▸ **Your assignment**:
Leave every picture behind and copy the rest of the entries below exactly.

*** Opening of Extracted entries ***

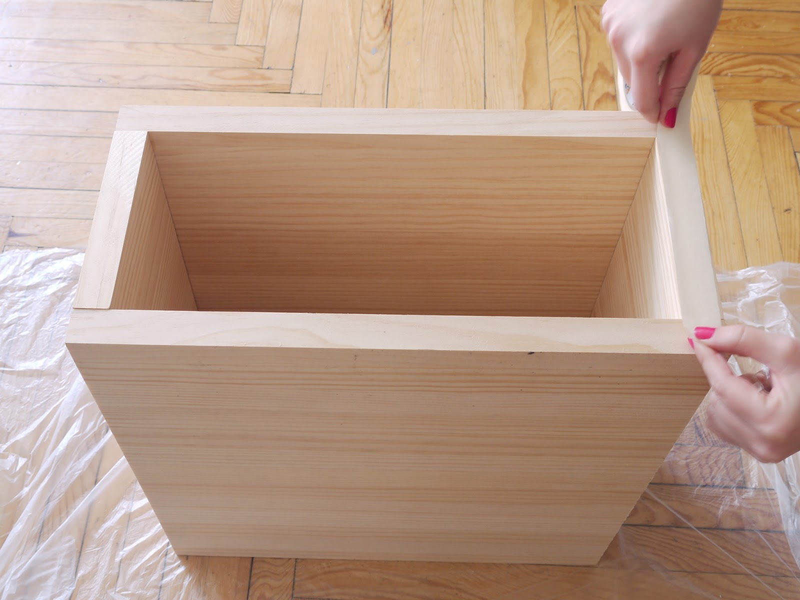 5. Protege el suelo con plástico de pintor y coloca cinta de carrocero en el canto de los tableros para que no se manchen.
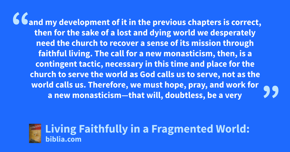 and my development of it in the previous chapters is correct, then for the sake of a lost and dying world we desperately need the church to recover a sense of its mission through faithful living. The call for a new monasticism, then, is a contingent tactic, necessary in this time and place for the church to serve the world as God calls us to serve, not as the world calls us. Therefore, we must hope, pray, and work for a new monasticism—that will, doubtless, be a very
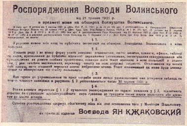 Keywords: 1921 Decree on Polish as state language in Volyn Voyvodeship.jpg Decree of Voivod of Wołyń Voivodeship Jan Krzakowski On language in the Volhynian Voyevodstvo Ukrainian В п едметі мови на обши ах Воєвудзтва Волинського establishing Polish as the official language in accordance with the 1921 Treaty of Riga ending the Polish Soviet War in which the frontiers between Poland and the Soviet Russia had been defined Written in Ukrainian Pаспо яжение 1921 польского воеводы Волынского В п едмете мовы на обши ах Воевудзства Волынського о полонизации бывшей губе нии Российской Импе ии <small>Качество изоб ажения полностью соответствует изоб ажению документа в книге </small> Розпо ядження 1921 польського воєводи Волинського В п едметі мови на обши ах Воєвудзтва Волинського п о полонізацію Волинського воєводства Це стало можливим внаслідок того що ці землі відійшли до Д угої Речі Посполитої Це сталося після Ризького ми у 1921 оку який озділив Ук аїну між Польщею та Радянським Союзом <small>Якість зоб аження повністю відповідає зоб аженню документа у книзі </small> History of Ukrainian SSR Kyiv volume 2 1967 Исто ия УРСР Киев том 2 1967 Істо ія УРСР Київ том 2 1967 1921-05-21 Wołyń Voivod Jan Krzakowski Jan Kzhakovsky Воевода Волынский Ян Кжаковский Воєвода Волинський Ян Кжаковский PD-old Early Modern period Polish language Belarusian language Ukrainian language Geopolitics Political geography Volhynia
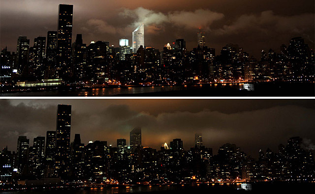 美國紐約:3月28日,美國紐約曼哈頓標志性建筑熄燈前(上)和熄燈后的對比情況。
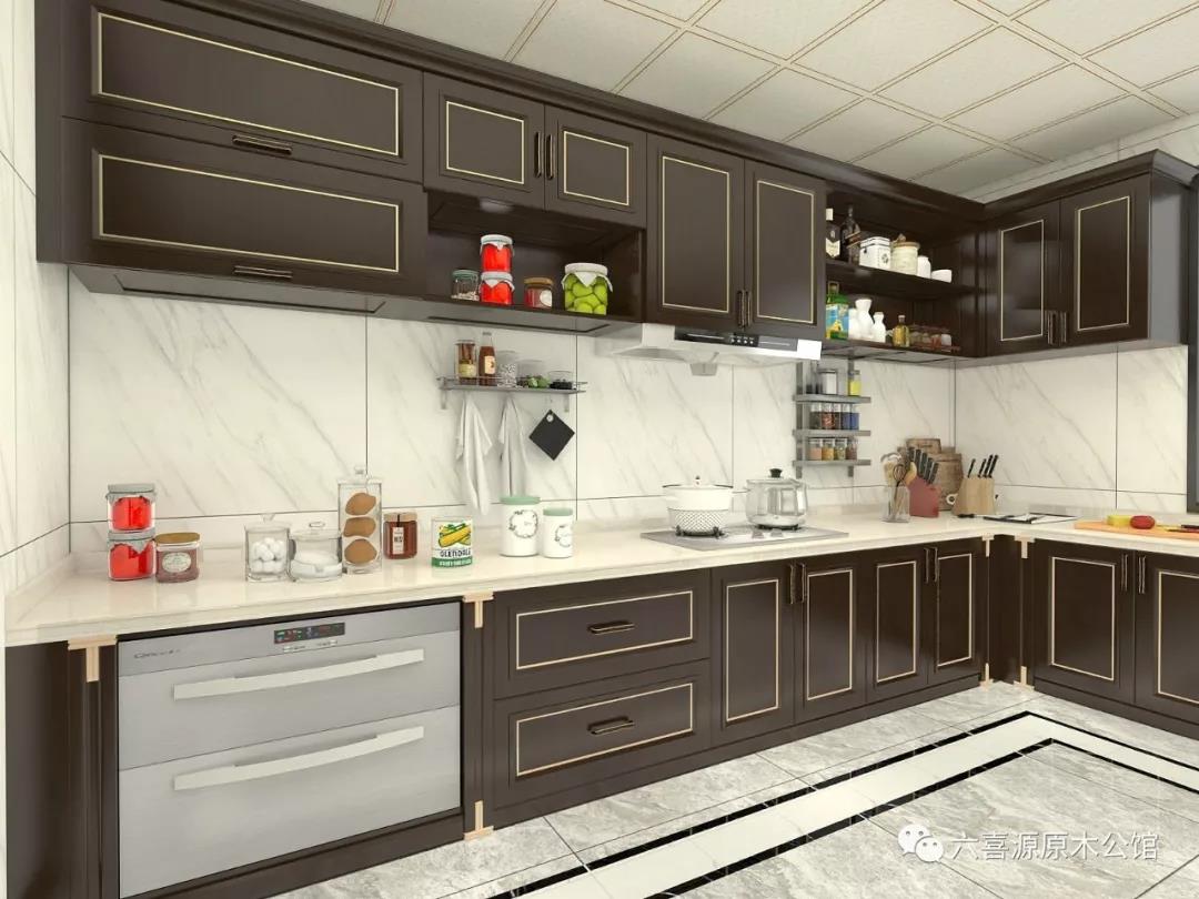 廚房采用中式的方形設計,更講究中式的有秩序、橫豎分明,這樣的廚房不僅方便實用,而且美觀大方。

*** Close of Extracted entries ***

▸ **Problem solution**:
 5. Protege el suelo con plástico de pintor y coloca cinta de carrocero en el canto de los tableros para que no se manchen.
 and my development of it in the previous chapters is correct, then for the sake of a lost and dying world we desperately need the church to recover a sense of its mission through faithful living. The call for a new monasticism, then, is a contingent tactic, necessary in this time and place for the church to serve the world as God calls us to serve, not as the world calls us. Therefore, we must hope, pray, and work for a new monasticism—that will, doubtless, be a very
 Keywords: 1921 Decree on Polish as state language in Volyn Voyvodeship.jpg Decree of Voivod of Wołyń Voivodeship Jan Krzakowski On language in the Volhynian Voyevodstvo Ukrainian В п едметі мови на обши ах Воєвудзтва Волинського establishing Polish as the official language in accordance with the 1921 Treaty of Riga ending the Polish Soviet War in which the frontiers between Poland and the Soviet Russia had been defined Written in Ukrainian Pаспо яжение 1921 польского воеводы Волынского В п едмете мовы на обши ах Воевудзства Волынського о полонизации бывшей губе нии Российской Импе ии <small>Качество изоб ажения полностью соответствует изоб ажению документа в книге </small> Розпо ядження 1921 польського воєводи Волинського В п едметі мови на обши ах Воєвудзтва Волинського п о полонізацію Волинського воєводства Це стало можливим внаслідок того що ці землі відійшли до Д угої Речі Посполитої Це сталося після Ризького ми у 1921 оку який озділив Ук аїну між Польщею та Радянським Союзом <small>Якість зоб аження повністю відповідає зоб аженню документа у книзі </small> History of Ukrainian SSR Kyiv volume 2 1967 Исто ия УРСР Киев том 2 1967 Істо ія УРСР Київ том 2 1967 1921-05-21 Wołyń Voivod Jan Krzakowski Jan Kzhakovsky Воевода Волынский Ян Кжаковский Воєвода Волинський Ян Кжаковский PD-old Early Modern period Polish language Belarusian language Ukrainian language Geopolitics Political geography Volhynia
 美國紐約:3月28日,美國紐約曼哈頓標志性建筑熄燈前(上)和熄燈后的對比情況。
 廚房采用中式的方形設計,更講究中式的有秩序、橫豎分明,這樣的廚房不僅方便實用,而且美觀大方。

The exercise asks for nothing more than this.